In a letter to the U.S. Department of Labor, Rep. Robert C. Scott, D-Va., called for regulations of the senior residential care industry, asking the agency to provide a full accounting of its efforts to combat the “troubling trend of wage and hour violations.”

This marks the federal government’s first step in tackling the industry’s abuse of mostly poor, immigrant caregivers, many of whom earned as little as $2 an hour to work around the clock with no days off, while some operators make millions.

Scott’s action was prompted by our recent two-part investigation, which found at least 1,400 cases in the last decade in which care-home operators broke minimum wage, overtime or record-keeping laws.

Our investigation already has received responses at the state level, as the California Fair Employment and Housing Department is launching a new education and outreach campaign aimed at thwarting employment discrimination in the industry.

Read the story here.
Can algorithms be racist? Trump’s housing department says no

The U.S. Department of Housing and Urban Development is circulating new rules that would make it nearly impossible for banks – or landlords or homeowners insurance companies – to be sued when their algorithms result in people of color being disproportionately denied housing.

Last year, we used a statistical analysis in our series on modern redlining and found that, in 61 cities, people of color were far more likely to be turned down for a home loan than their white counterparts – even when they made the same amount of money, tried to take out the same size loan and buy in the same neighborhood.

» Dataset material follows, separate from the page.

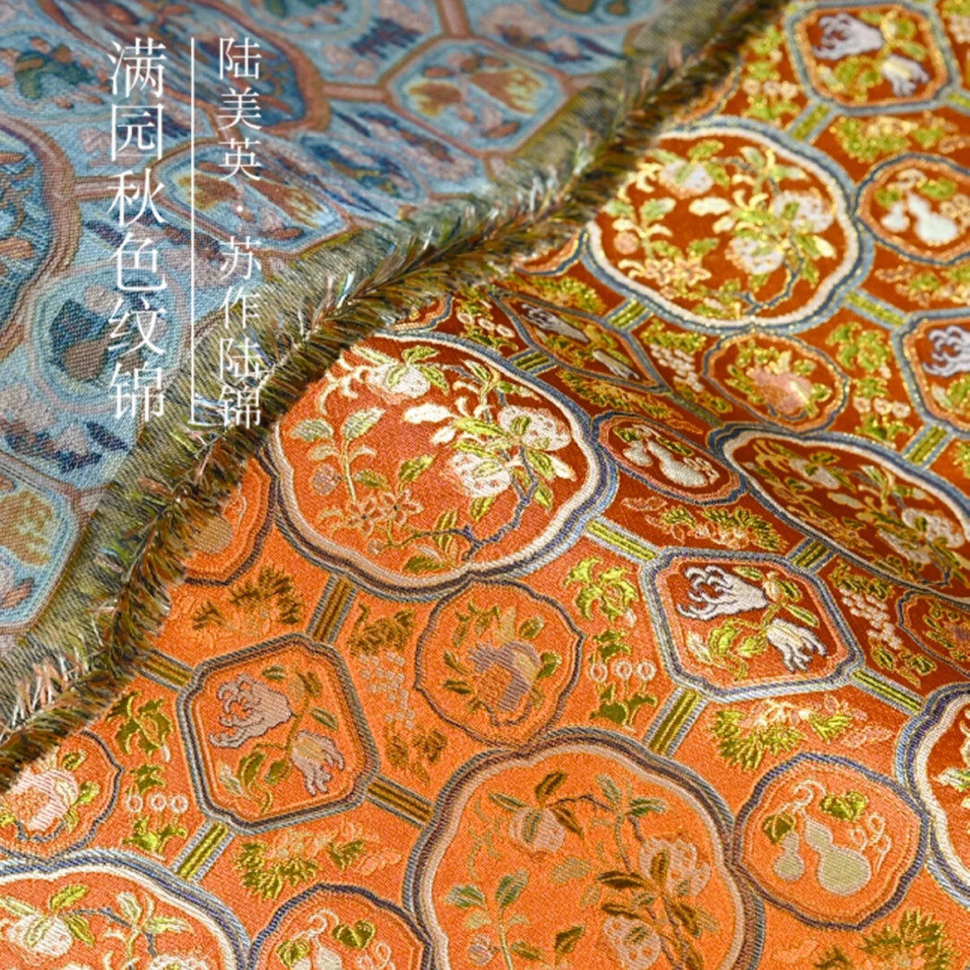 📚 满园秋色纹锦橙色名家宋锦陆美英宋锦品牌宋锦手作做包包发夹葫芦

The rules introduce loopholes that would make it easier for businesses to dispute discrimination claims. Lisa Rice, president of the National Fair Housing Alliance, said she is concerned that if these rules are put in place, similar methods of discrimination might be applied to other departments as well.

“Once they strike it down in housing, they’re going to try and strike it down in education and they’ll try and strike it down in transportation and health care and so forth and so on, and we just cannot let that happen.”

Read the story here.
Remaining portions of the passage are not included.